- Born: 28 March 1914 Avigliano, Basilicata, Italy
- Died: 15 September 2026 (aged 112 years, 171 days) Avigliano, Basilicata, Italy
- Known for: Oldest living World War II veteran (27 May 2026 – 15 September 2026); Oldest living man in Italy (31 March 2024 – 15 September 2026); Second oldest living person in Italy (17 February 2026 – 15 September 2026); Oldest living European man (27 May 2026 – 15 September 2026);
- Children: 4

= Vitantonio Lovallo =

Italian supercentenarian (1914–2026)

Vitantonio Lovallo (28 March 1914 – 15 September 2026) was an Italian veteran and supercentenarian. His age was confirmed by the Gerontology Research Group (GRG), LongeviQuest (LQ), and the European Supercentenarian Organisation (ESO). On 27 May 2026, following the death of Ilie Ciocan, he became the oldest living man in Europe and the oldest living veteran of World War II. He was also the oldest living man in Italy, the third oldest living man in the world, after João Marinho Neto and Ken Weeks and the second oldest person in Italy, after Lucia Laura Sangenito.

== Biography ==
Vitantonio Lovallo was born in Avigliano, Basilicata, Italy on 28 March 1914. From the age of 16, he worked as a shepherd and helped his family in the wheat and corn fields.

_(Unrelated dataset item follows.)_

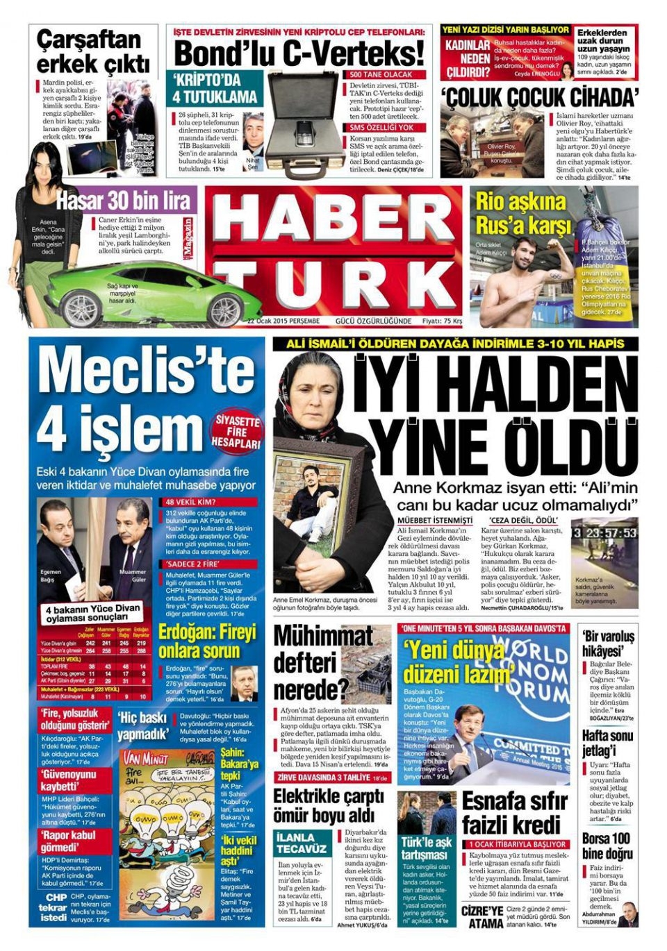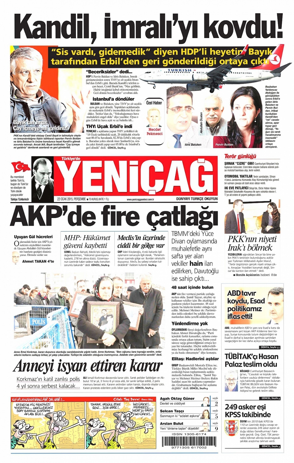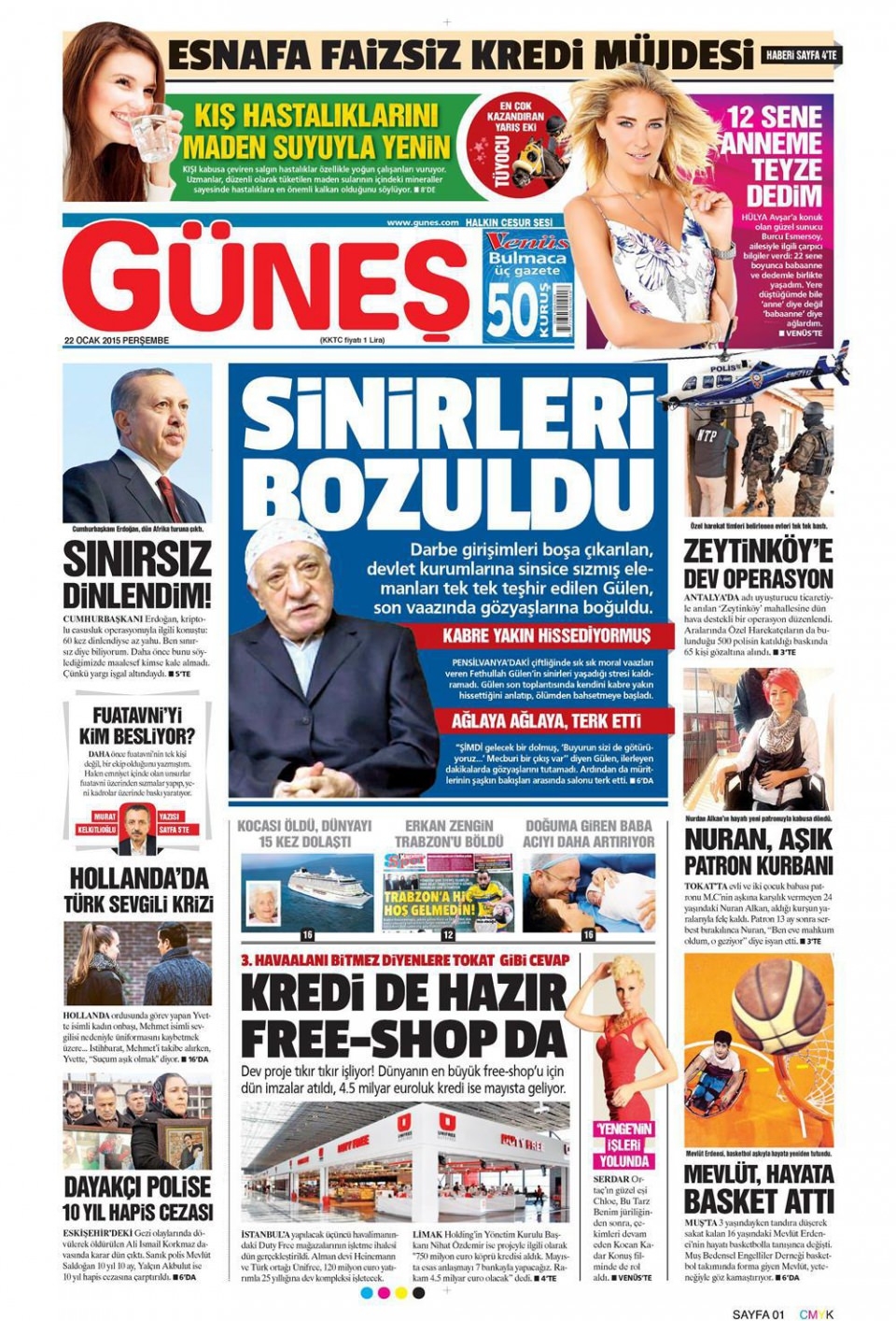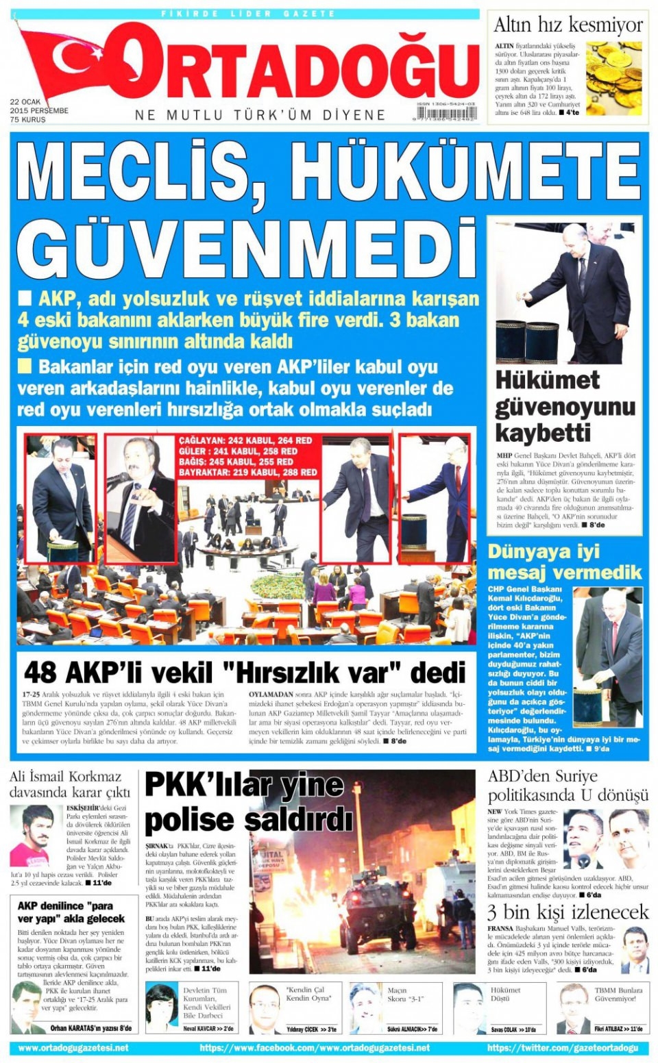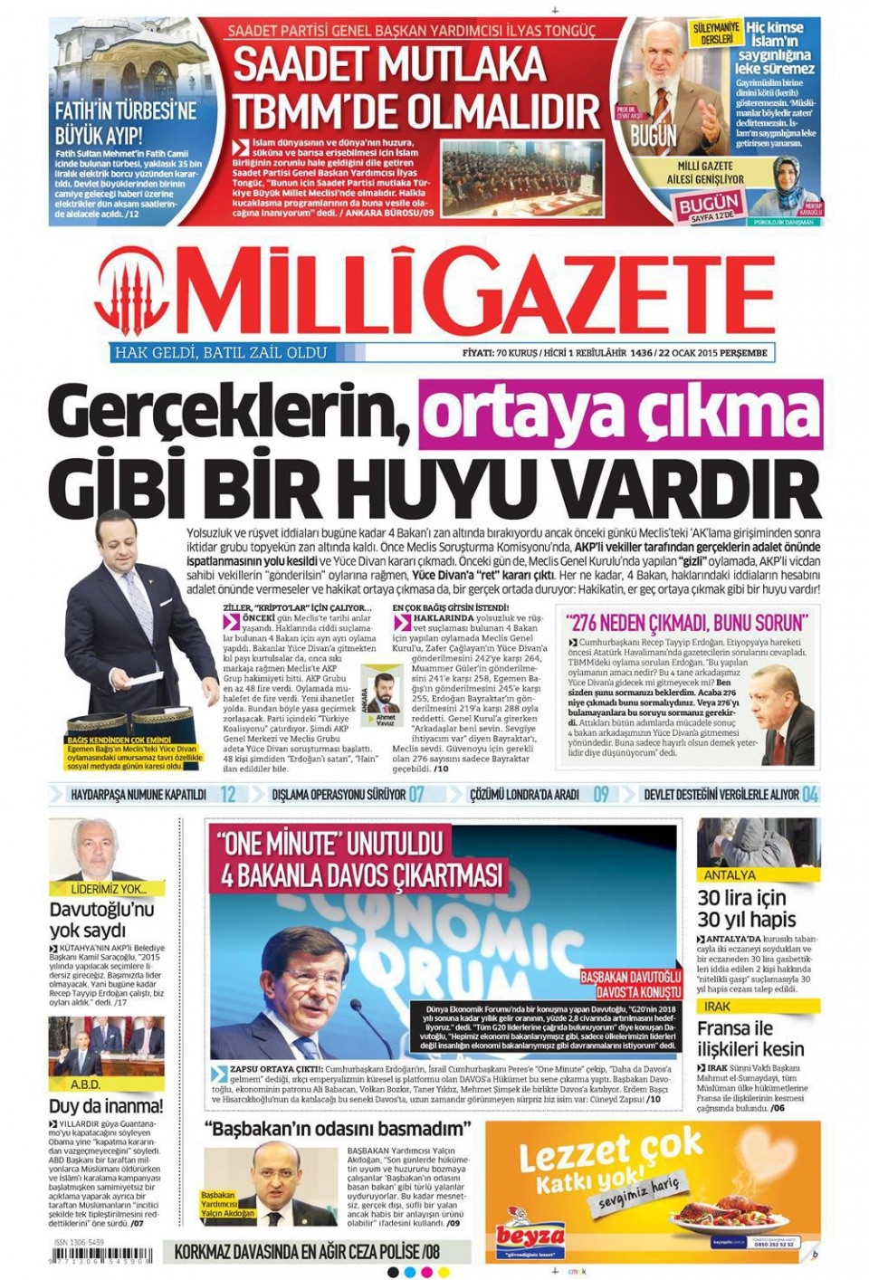 22 Ocak 2015 gazete manşetleri

He married in 1936 (his wife died in 2015 at the age of 98). They had four children, two girls and two boys (one of whom died a few months after birth from meningitis).

During World War II, he was sent to the front and was captured in Greece by German troops on 8 September 1943. After his release on 8 May 1945, he returned home and found work as a mule-haulier of wood.

Lovallo remained a hard worker throughout his life, retiring only in his late nineties. In his 100s, Lovallo tended his vineyards and herded his sheep every morning. Lovallo himself attributed his longevity to his lack of stress and his focus on life. At the age of 108, he received his fourth dose of the COVID-19 vaccine.

In May 2026, Lovallo received the 80th Anniversary Medal directly from the Coldiretti association's leadership as a tribute to his achievements as the association's longest-serving member.

On 15 September 2026, Lovallo died in his home in Avigliano, at the age of 112 years and 171 days. His funeral took place on 17 September, in the Church of San Vincenzo Ferrer in Sarnelli. He was succeeded as Italy's oldest living man by 109-year-old Angelo Peressini.